In recent weeks, videos of mayors in some Italian cities taking to the streets to berate citizens who are not at home went viral, while more than 40,000 people have been fined for violating the lockdown. But it isn’t only the police and authorities that are enforcing the rules.

Across Europe, ordinary citizens have appointed themselves as enforcers of the lockdown. In Spain they have even been given a name: ‘the balcony police’.

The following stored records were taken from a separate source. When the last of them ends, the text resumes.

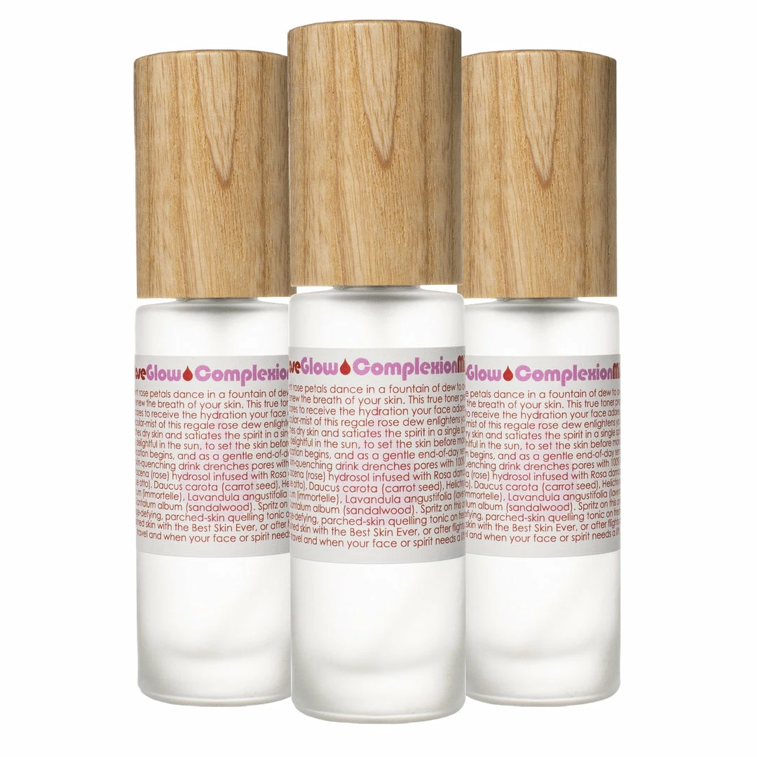 Living Libations Rose Glow Complexion Mist prepares the pores to receive the hydration it adores. The hydrosol of hundreds of resilient rose petals dance in a fountain of dew that awakens and renews skin and spirit. Rose Glow Complexion Mist is divine decadence to drench dry skin and to tone uneven texture. Spritz upon freshly cleansed face and during the day to revive and during flights to replenish. revivifying, during flights to hydrate skin.
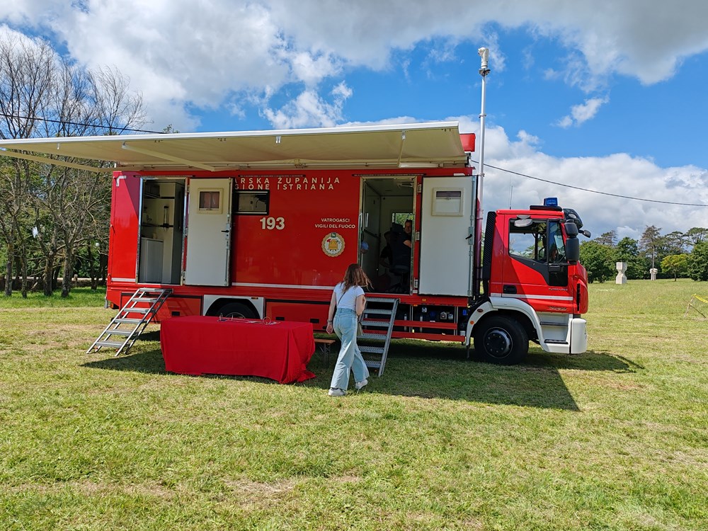 Pokazali smo i djeci rad s vatrogasnim aparatima kako bi osigurali podmladak u vatrogastvu. Sistem rada i postupak nas i Talijana je bio isti, jedino se razlikujemo u opremi pa ćemo nastojati unificirati opremu. U listopadu pedesetak pripadnika iz Labina sudjelovati će na uzvratnoj vježbi u Italiji, rekao je Stepančić te istaknuo kako je sve koordinirano iz mobilnog županijskog stožera u vozilu na terenu.
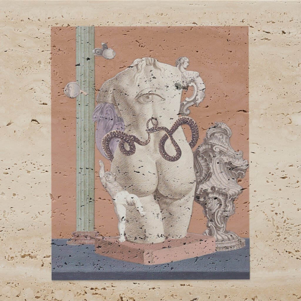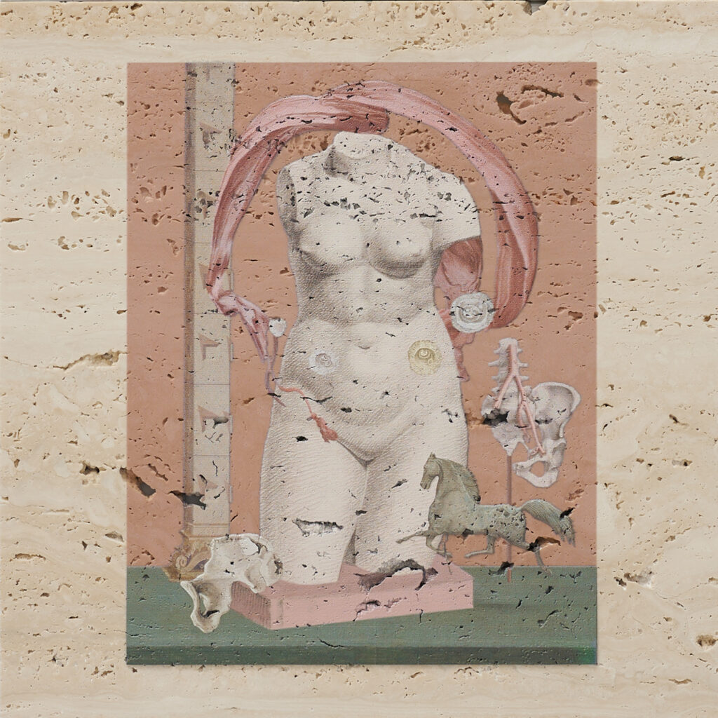 「名画の中の人体はどうなっているのだろう?」という解剖学的な好奇心のもと、内臓や骨をモチーフに描かれるモンタージュは、古典芸術への敬意を前提としながら、「芸術のための芸術」と誠実に向き合う試みを続ける。

But the phenomena has spread across Europe.

Alice from London told Euronews that she was verbally abused on her residential street for letting her two-and-a-half year old daughter play on the pavement outside her house.

"We don't have a garden for her to play in, so we have to go out," she said. "It's not like she's a live germ bomb walking around diffusing the virus."

Police encouragement?

In Britain, at least six police forces have set up dedicated phone lines for people to report their neighbours. Of the six, only two were willing to comment on the phone lines - Greater Manchester and West Midlands police. Both refused to reveal the numbers of calls they had received.

But even in countries where the lockdown has been less stringent than elsewhere in Europe, members of the public have been overzealous in encouraging their neighbours to stay home.

'Absolute morons'

Jasmin Bauomy and her flatmate had spent three full days in their Hamburg apartment last Saturday when they decided it was time to get out of the house. They stuck to their neighbourhood, kept their distance and combined their walk with a grocery run.

As they walked, Bauomy was aware of shouting coming from a balcony above them.

“Look at you going out for a stroll while everyone is at home. You absolute morons,” the man ranted. “It’s because of you people are getting sick.”

Germany is not on full lockdown, and while people are staying at home they are permitted to leave the house for walks, runs and to visit the shops. As such, Bauomy wasn’t breaking any rules.

“He didn't want to hear an answer. He just wanted to yell at us without knowing the circumstances. To be honest, it kind of soured our entire run and our conversation kept reverting back to that moment,” she told Euronews.

Public figures are not immune

Not all of the civilian enforcement of the lockdown restrictions have come from balconies, in many cases it has been online. Natalie Bennett, the Green Party peer and former leader, was told by a stranger on Twitter that she "should be at home" after tweeting about her return from parliament.

But Bennett told Euronews that as society was under "tremendous stress", anxiety and fear were running rampant. As such, understanding is needed on both sides.

"I think we really need to focus on kindness, charity and understanding at the moment - and that means both for people thinking about commenting on the behaviour of others and those who are the subject of comments," she said.

For Alice Miazzo, 32 from Milan, the attitude of people on the street towards each other is a sign that Italians are looking for someone to blame for the crisis.

“I do not feel comfortable when I’m outside. When you are queueing to enter somewhere - like pharmacies or supermarkets, as nothing else is open, people stare at you, because you are supposed to stay home,” she said.

“On the one hand we are all together facing this emergency. But on the other, everyone looks at others as a potential danger or as a figure to blame for this sacrifice.”